To do →
Return all of the data that follows precisely, leaving every image out.

++++++

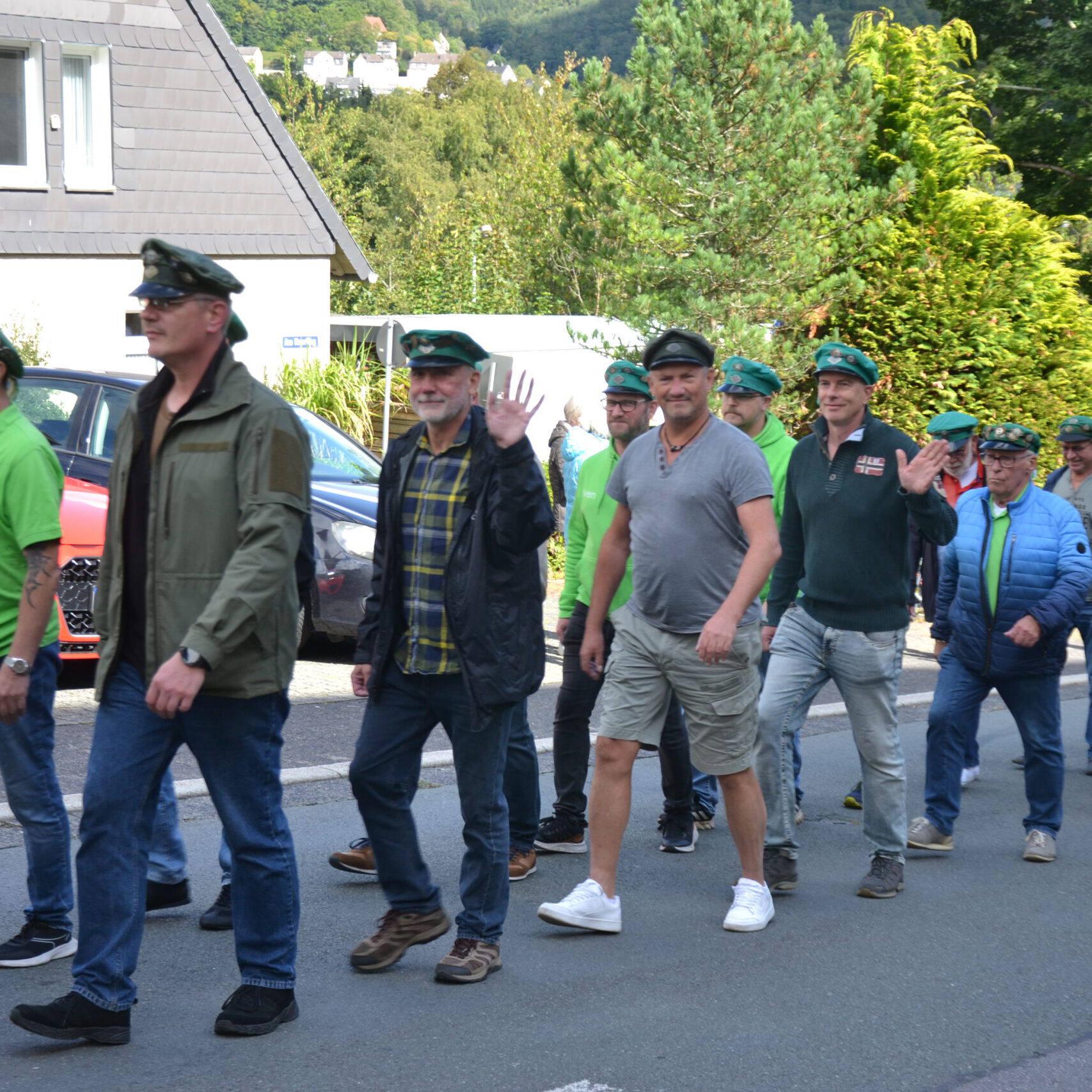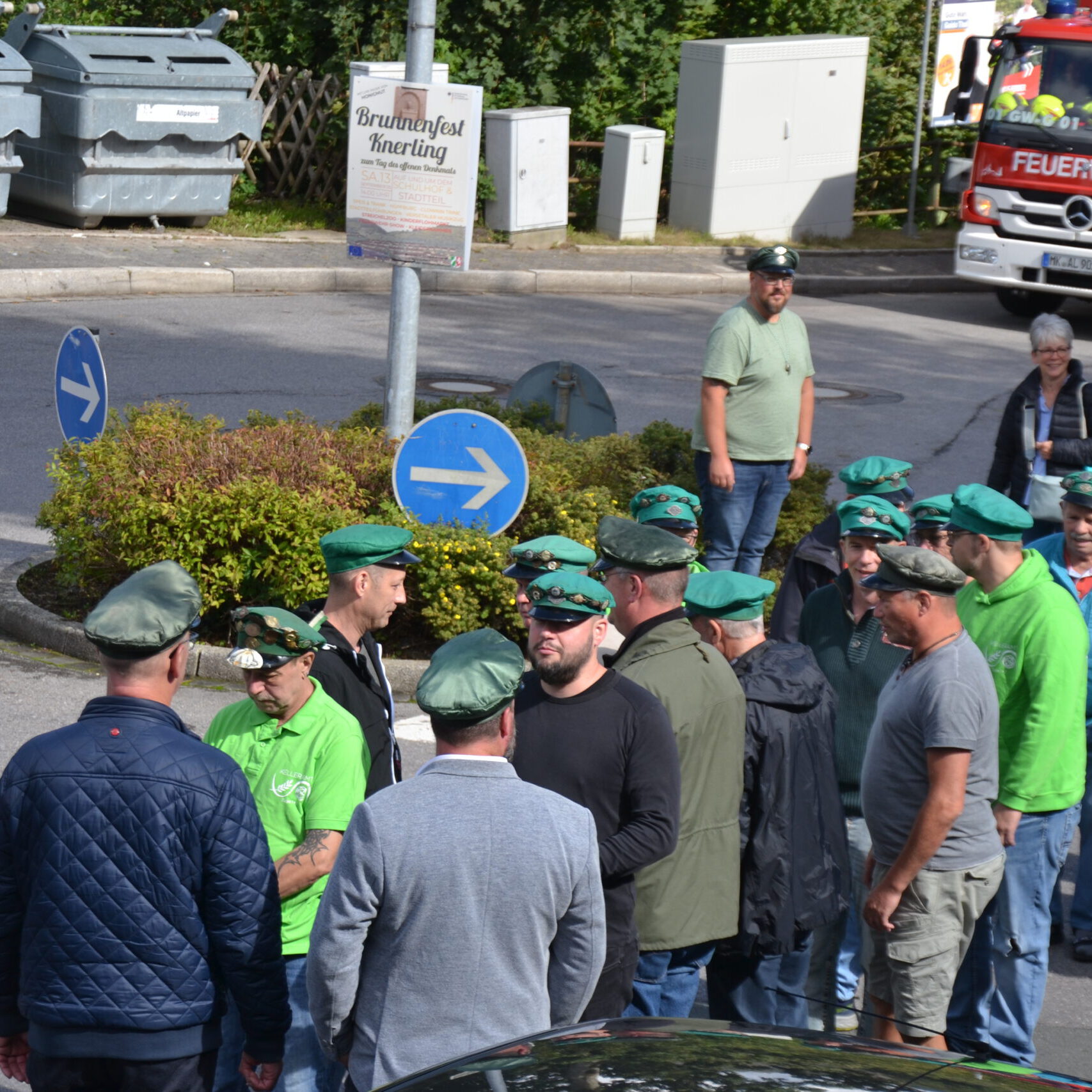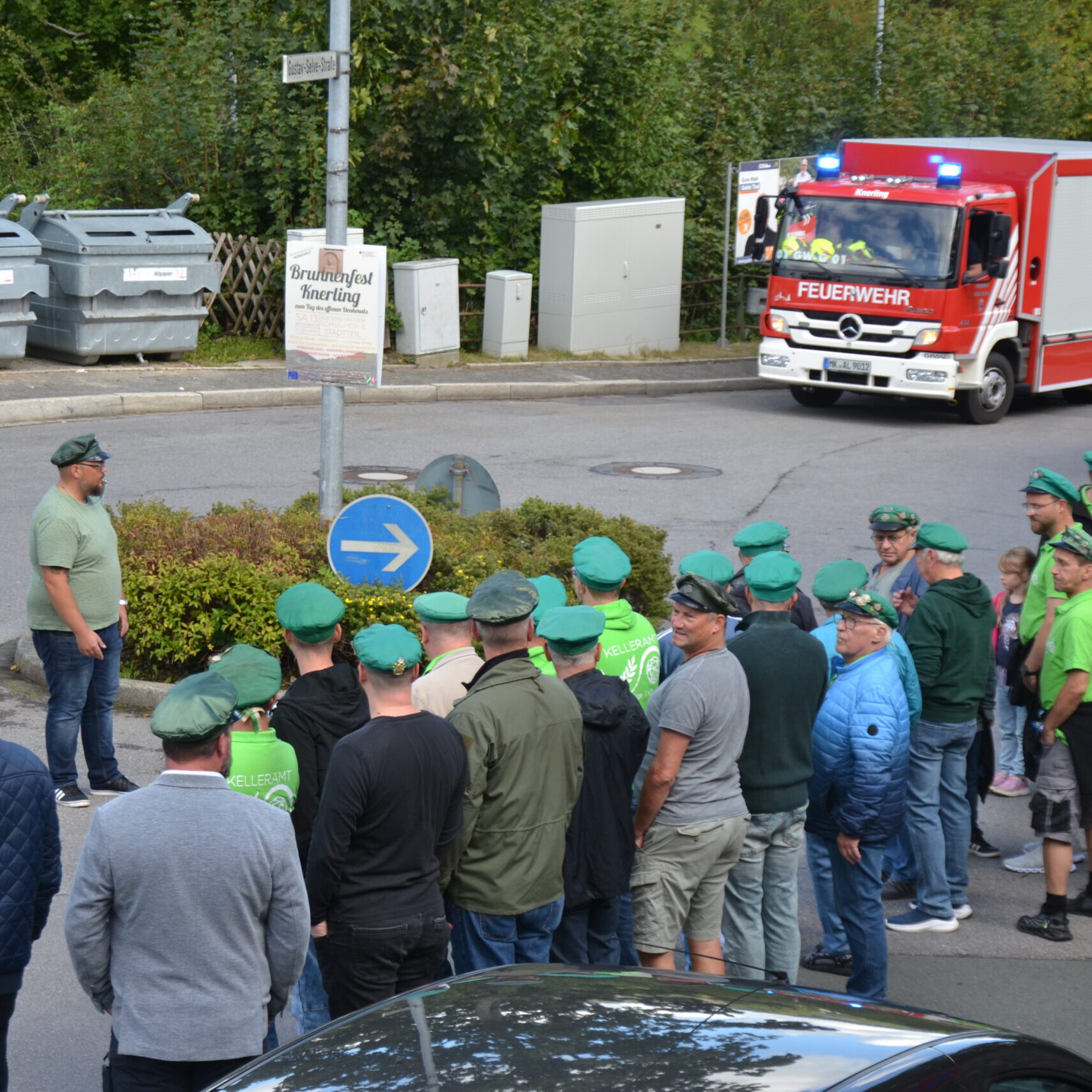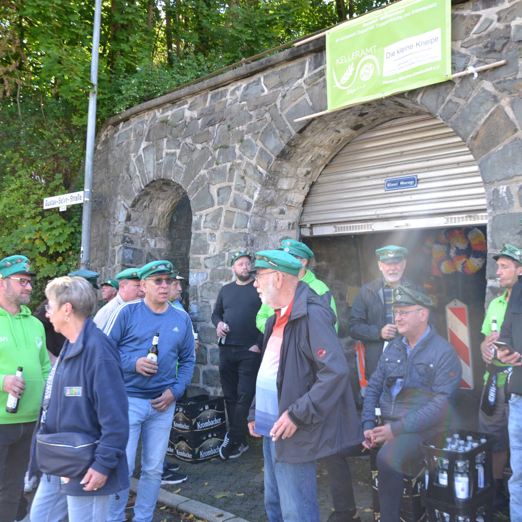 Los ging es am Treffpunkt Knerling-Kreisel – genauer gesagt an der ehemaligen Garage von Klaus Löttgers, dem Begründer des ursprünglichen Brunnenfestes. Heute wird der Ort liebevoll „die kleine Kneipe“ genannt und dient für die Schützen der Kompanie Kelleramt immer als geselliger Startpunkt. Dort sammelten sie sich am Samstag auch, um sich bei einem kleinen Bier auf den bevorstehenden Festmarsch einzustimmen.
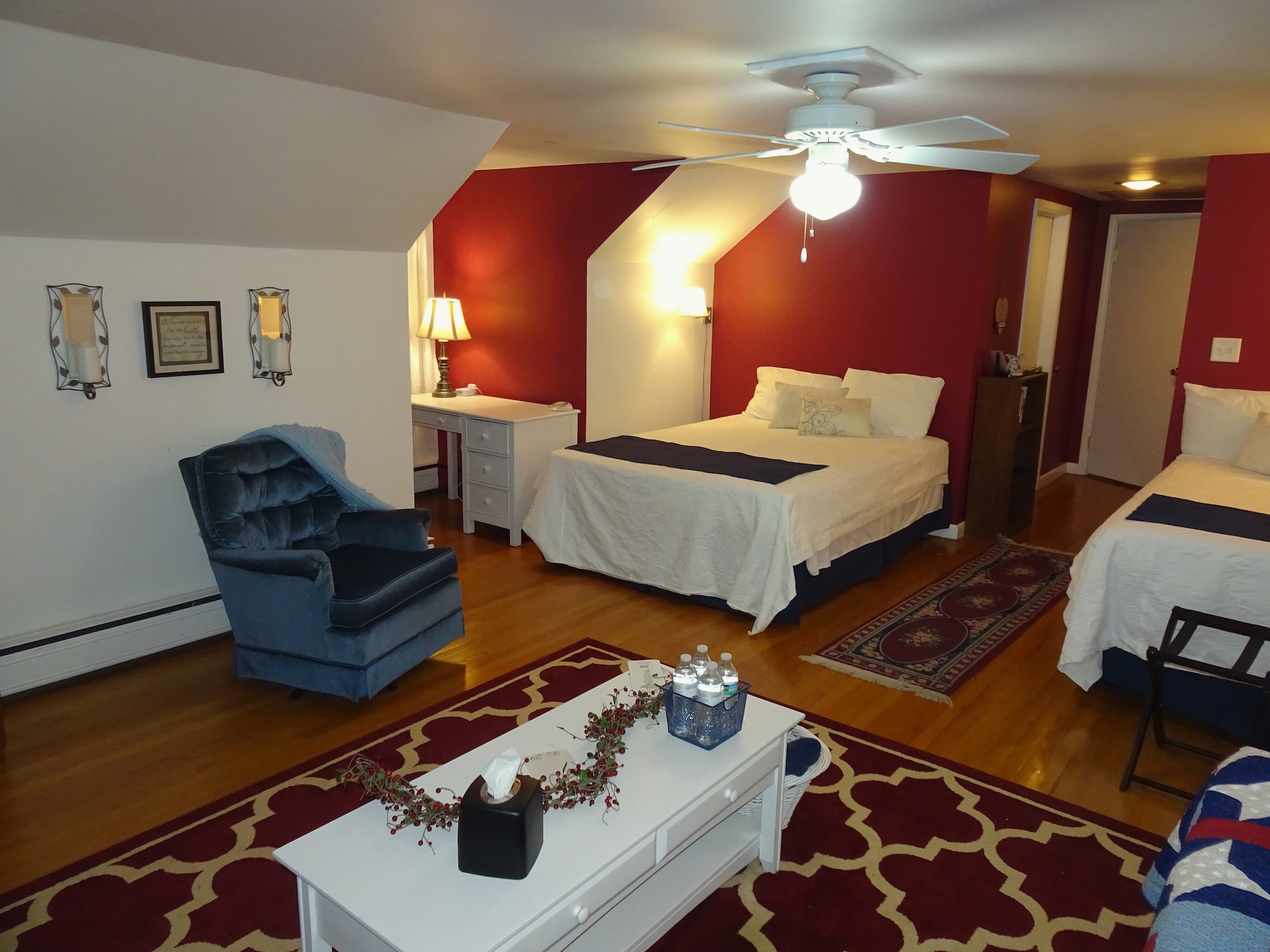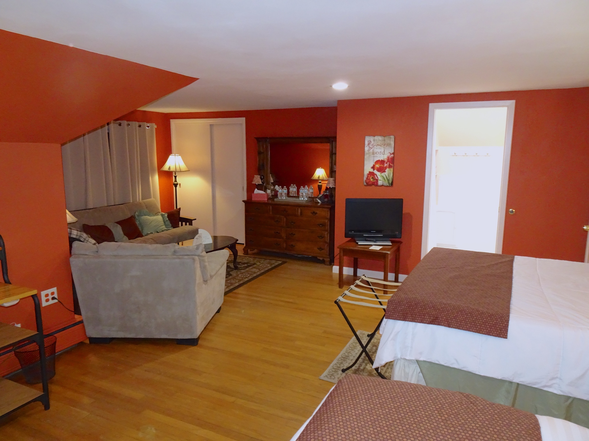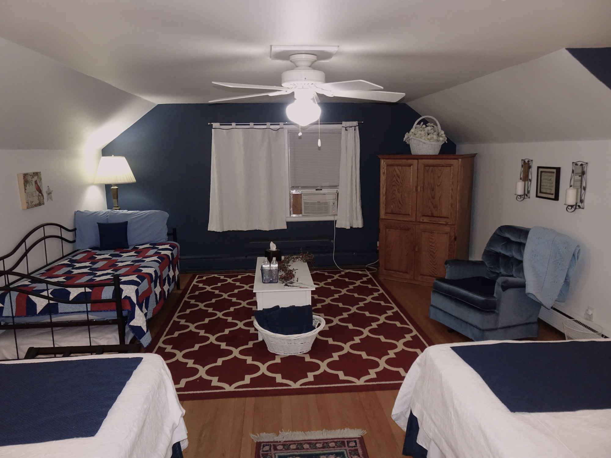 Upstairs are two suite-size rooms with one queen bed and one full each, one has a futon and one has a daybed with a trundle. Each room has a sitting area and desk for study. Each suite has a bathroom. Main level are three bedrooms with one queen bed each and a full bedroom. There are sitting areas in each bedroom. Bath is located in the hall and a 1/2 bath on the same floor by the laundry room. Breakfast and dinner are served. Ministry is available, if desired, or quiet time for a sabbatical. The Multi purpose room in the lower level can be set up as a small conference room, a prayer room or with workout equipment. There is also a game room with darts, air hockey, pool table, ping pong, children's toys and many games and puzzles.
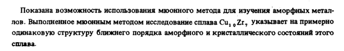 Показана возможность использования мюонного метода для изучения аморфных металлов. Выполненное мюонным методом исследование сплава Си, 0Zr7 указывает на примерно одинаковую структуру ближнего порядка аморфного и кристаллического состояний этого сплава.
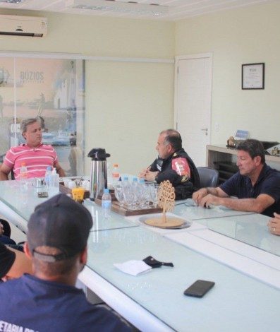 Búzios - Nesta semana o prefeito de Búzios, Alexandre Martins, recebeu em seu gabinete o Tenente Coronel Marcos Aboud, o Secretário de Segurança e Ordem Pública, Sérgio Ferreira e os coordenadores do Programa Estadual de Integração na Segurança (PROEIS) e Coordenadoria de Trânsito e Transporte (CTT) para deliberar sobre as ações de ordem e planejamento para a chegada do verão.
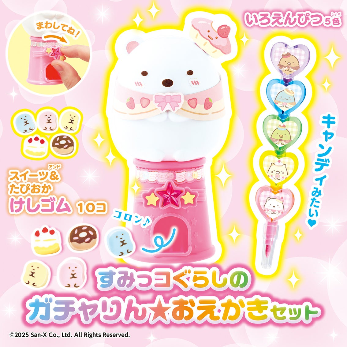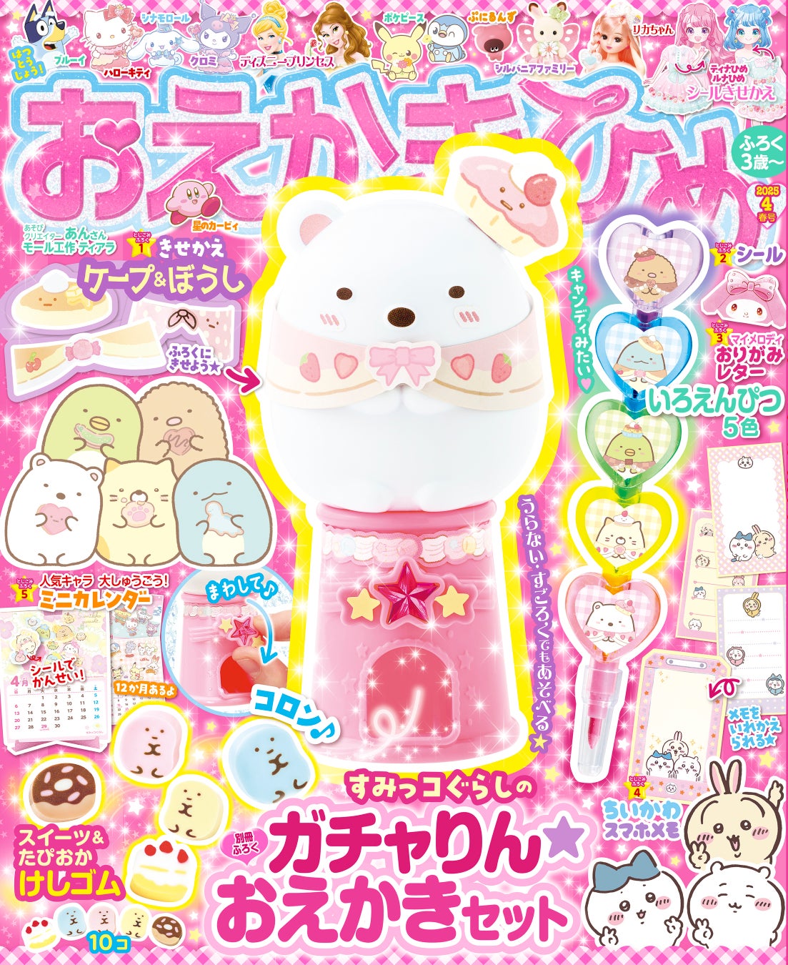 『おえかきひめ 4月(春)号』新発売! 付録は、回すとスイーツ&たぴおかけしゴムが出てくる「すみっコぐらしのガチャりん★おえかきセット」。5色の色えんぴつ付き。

++++++

Response to this exercise →
 Los ging es am Treffpunkt Knerling-Kreisel – genauer gesagt an der ehemaligen Garage von Klaus Löttgers, dem Begründer des ursprünglichen Brunnenfestes. Heute wird der Ort liebevoll „die kleine Kneipe“ genannt und dient für die Schützen der Kompanie Kelleramt immer als geselliger Startpunkt. Dort sammelten sie sich am Samstag auch, um sich bei einem kleinen Bier auf den bevorstehenden Festmarsch einzustimmen.
 Upstairs are two suite-size rooms with one queen bed and one full each, one has a futon and one has a daybed with a trundle. Each room has a sitting area and desk for study. Each suite has a bathroom. Main level are three bedrooms with one queen bed each and a full bedroom. There are sitting areas in each bedroom. Bath is located in the hall and a 1/2 bath on the same floor by the laundry room. Breakfast and dinner are served. Ministry is available, if desired, or quiet time for a sabbatical. The Multi purpose room in the lower level can be set up as a small conference room, a prayer room or with workout equipment. There is also a game room with darts, air hockey, pool table, ping pong, children's toys and many games and puzzles.
 Показана возможность использования мюонного метода для изучения аморфных металлов. Выполненное мюонным методом исследование сплава Си, 0Zr7 указывает на примерно одинаковую структуру ближнего порядка аморфного и кристаллического состояний этого сплава.
 Búzios - Nesta semana o prefeito de Búzios, Alexandre Martins, recebeu em seu gabinete o Tenente Coronel Marcos Aboud, o Secretário de Segurança e Ordem Pública, Sérgio Ferreira e os coordenadores do Programa Estadual de Integração na Segurança (PROEIS) e Coordenadoria de Trânsito e Transporte (CTT) para deliberar sobre as ações de ordem e planejamento para a chegada do verão.
 『おえかきひめ 4月(春)号』新発売! 付録は、回すとスイーツ&たぴおかけしゴムが出てくる「すみっコぐらしのガチャりん★おえかきセット」。5色の色えんぴつ付き。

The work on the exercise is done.